The original Animal Crossing for the GameCube allows you to mail letters to your resident villagers. To handle villager responses to these letters, the developers implemented several checks that internally score the contents of any letter you send to a villager. This internal score affects how the villager responds to the letter, as well as your friendship with them and whether or not they will give you gift. Full details on this letter scoring system can be found within my letter scoring tool.

The Trigram Check

The focus of this post is specifically on one of the seven checks that the game performs to score your letter, which does not work as intended. Internally called “check B,” the game uses a trigram-based system to try and ensure you are writing real English words. This works by checking the first three characters of all words in your letter and cross-referencing them with a pre-made lookup table. The game has 26 lookup tables for each letter of the alphabet, all of which are arrays containing pairs of characters that are considered valid to follow the key letter. For example, the trigram table for the letter “A” looks like this:

static u8 str_a_table[] = {
  CHAR_b, CHAR_l,
  CHAR_b, CHAR_o,
  CHAR_b, CHAR_r,
  CHAR_b, CHAR_s,
  ...
  0, 0
};

So, if any word in your letter begins with the letter ‘A’, this lookup table is referenced to check the next two characters that follow the letter ‘A’. This way, words like “able”, “above”, and “abrupt” are all considered valid because they begin with { a, b, l } , { a, b, o } , and { a , b , r }, respectively. However, following this system, words like “abbey” would not be considered valid since {b , b} does not appear in the trigram lookup table for the letter ‘A’. Again, there are tables like this for each letter of the alphabet, and they collectively define all of the trigrams that the game considers valid. In terms of scoring, this check counts all of the valid trigrams it finds in your letter, multiplies it by 3, and adds it to your letter’s total score.

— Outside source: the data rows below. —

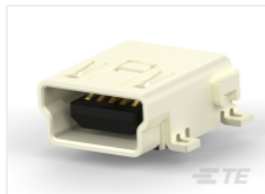
TE Part # 1734035-2 MINI USB, TYPE B, R/A, SMT
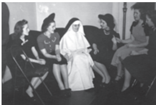
Tea with a Dominican Sister (circa 1940's)

Vision Statement Mission Statement Diversity Statement Integrity Statement Overview Accreditation and History
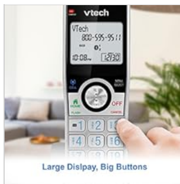
Image: The large display and big, lighted buttons on a VTech handset.

The handsets feature a large, high-contrast 2-inch display with enlarged font for easy reading of caller ID and call history. The illuminated keypad ensures comfortable dialing even in low-light conditions.
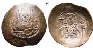
2271 Alexius I Comnenus AD 1081-1118. Constantinople Trachy Æ 29 mm, 2,96 g very fine 10
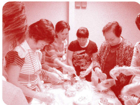
Moms and grannies nutrition class
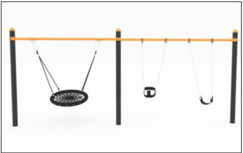
Double bay swing set with basket seat
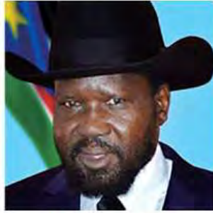
H.E. Salva Kiir Mayardit
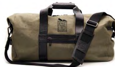
SOFT SIDED BAGS ONLY
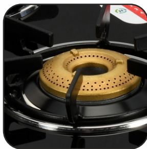
6 Pronges Designer Pan Support for Better Stability for pen
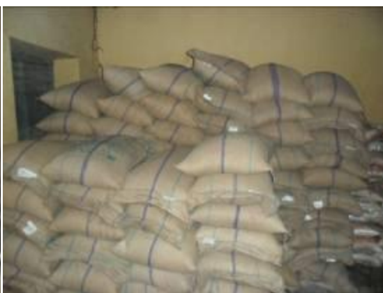
Rice supplied by FCI

(iii) Is the quantity of food grain supplied was as per the marked/indicated weight?
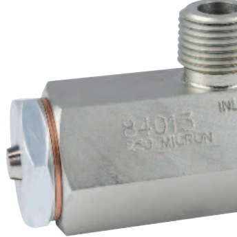
Visual indicator of clogged filter element In retracted position
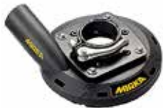
Dust Suction Hood for PS 1437 Polisher
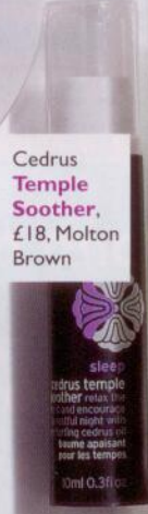
Cedrus Temple Soother, £18, Molton Brown
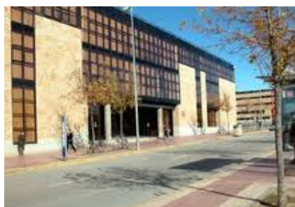
Facultad de Economía y Empresa – Main Entrance
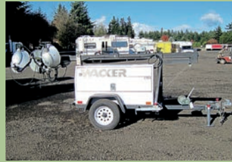
WACKER LTC4L LIGHT PLANT
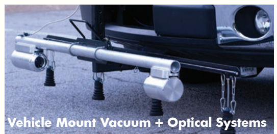
Vehicle Mount Vacuum + Optical Systems
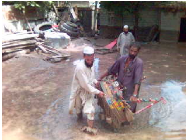
Villagers in Gul Dheri cleaning up after the Kunhar river broke its banks and swept through the village, damaging 400 houses.

A three-member PRCS monitoring team in Siran Valley is providing support to local communities moving to safer ground.

Checking the beginning of words for common trigrams like this isn’t a bad idea and I think it was actually a pretty clever way to favorably score letters that contained real words. However, again, the issue is that this check does not work as intended due to a large oversight.

The Bug

Whenever the game references a trigram table, it loops through each pair of characters looking for a match. Naturally, the game is supposed to stop checking when it reaches the end of the table, but this does not happen in the North American / Australian versions of the game. Instead, the game will continue looking for pairs of matching characters outside of the array boundaries in RAM. This bug occurs because the game will only stop looking for pairs of characters if it comes across a special “stop character” at an even index. This stop character is internally hexadecimal 0x7F, and every table is supposed to be appended with a pair of these stop characters. However, instead, every table is appended with 0x00, which does not instruct the game to stop checking for trigrams. Thus, whenever any table is referenced for a lookup and there is not a matching pair of characters found, the game will continue looking into RAM until it comes across a random 0x7F byte on an even index that instructs the game to stop. Note that this 0x7F byte must occur on at an offset in RAM ending in 0x0, 0x2, 0x4, 0x6, 0x8, 0xA, 0xC, or 0xE because the game increments the searching index by +2 each loop, which allows for pairs of characters to be detected. Thus, any stop value found on odd-ending offsets will be skipped over.

The Effect

The trigram tables are all set up back-to-back and alphabetically in RAM, starting at offset 0x8069F320. Due to the fact that indexing does not stop at the end of each table, each letter’s trigram table effectively adopts the valid characters of all letters that come after it alphabetically. For example, the trigram table for the ‘B’ looks like this:

static u8 str_b_table[] = {
  CHAR_a, CHAR_b,
  CHAR_a, CHAR_c,
  CHAR_a, CHAR_d,
  CHAR_a, CHAR_g,
  ...
  0, 0
};

However, because this trigram table is laid out after trigram table ‘A’ in RAM, all of these pairings of characters are now valid for the letter ‘A’ as well. This means nonsense words like “Aablsdasda” count as valid since the two characters after ‘A’ are { a , b } and that pairing is considered valid for trigram table ‘B’, which letter ‘A’ adopts due to the bug. From here, you can easily surmise the effect of this bug, where any word beginning with the letter ‘A’ effectively adopts all the valid character pairings for trigram tables ‘B’ through ‘Z’. This continues down the chain, where any word beginning with the letter ‘B’ also adopts the valid character pairings of trigram tables ‘C’ through ‘Z’, and so on.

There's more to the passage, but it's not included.